* INSTRUCTIONS FOR THE TASK
Transcribe each record exactly, but omit pictures.

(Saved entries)
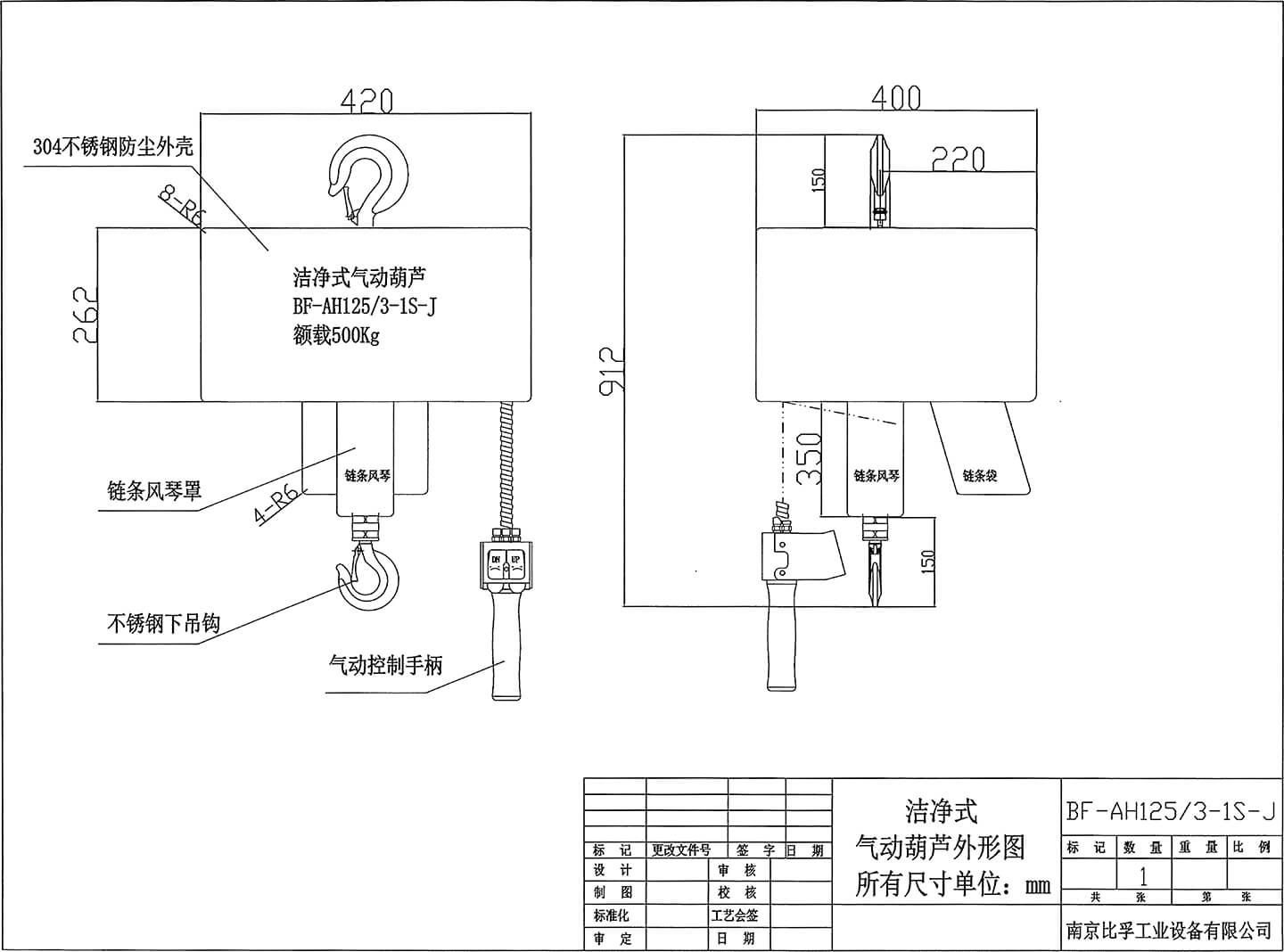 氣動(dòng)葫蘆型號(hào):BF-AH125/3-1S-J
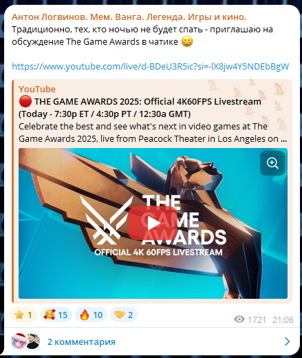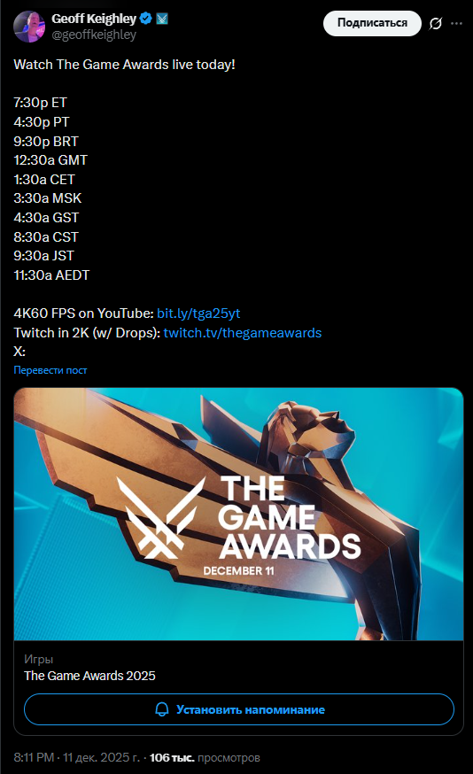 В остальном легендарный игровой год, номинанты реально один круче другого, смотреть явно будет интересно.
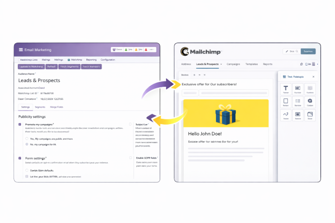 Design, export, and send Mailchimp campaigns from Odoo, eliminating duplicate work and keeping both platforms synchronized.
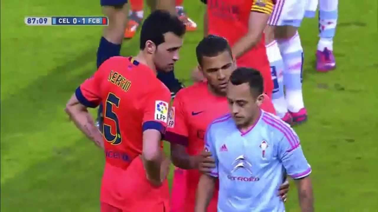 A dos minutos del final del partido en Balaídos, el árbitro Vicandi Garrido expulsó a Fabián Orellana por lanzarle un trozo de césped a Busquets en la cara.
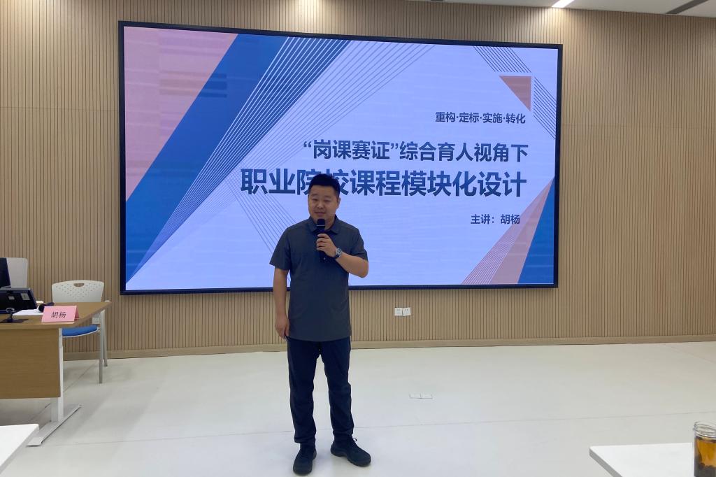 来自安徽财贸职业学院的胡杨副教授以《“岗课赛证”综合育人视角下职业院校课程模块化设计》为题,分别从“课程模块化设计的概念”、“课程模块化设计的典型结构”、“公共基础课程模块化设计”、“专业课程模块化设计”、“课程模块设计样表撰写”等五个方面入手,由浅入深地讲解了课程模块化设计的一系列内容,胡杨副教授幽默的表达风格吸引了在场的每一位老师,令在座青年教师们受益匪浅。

* FINISHED TASK
 氣動(dòng)葫蘆型號(hào):BF-AH125/3-1S-J
 В остальном легендарный игровой год, номинанты реально один круче другого, смотреть явно будет интересно.
 Design, export, and send Mailchimp campaigns from Odoo, eliminating duplicate work and keeping both platforms synchronized.
 A dos minutos del final del partido en Balaídos, el árbitro Vicandi Garrido expulsó a Fabián Orellana por lanzarle un trozo de césped a Busquets en la cara.
 来自安徽财贸职业学院的胡杨副教授以《“岗课赛证”综合育人视角下职业院校课程模块化设计》为题,分别从“课程模块化设计的概念”、“课程模块化设计的典型结构”、“公共基础课程模块化设计”、“专业课程模块化设计”、“课程模块设计样表撰写”等五个方面入手,由浅入深地讲解了课程模块化设计的一系列内容,胡杨副教授幽默的表达风格吸引了在场的每一位老师,令在座青年教师们受益匪浅。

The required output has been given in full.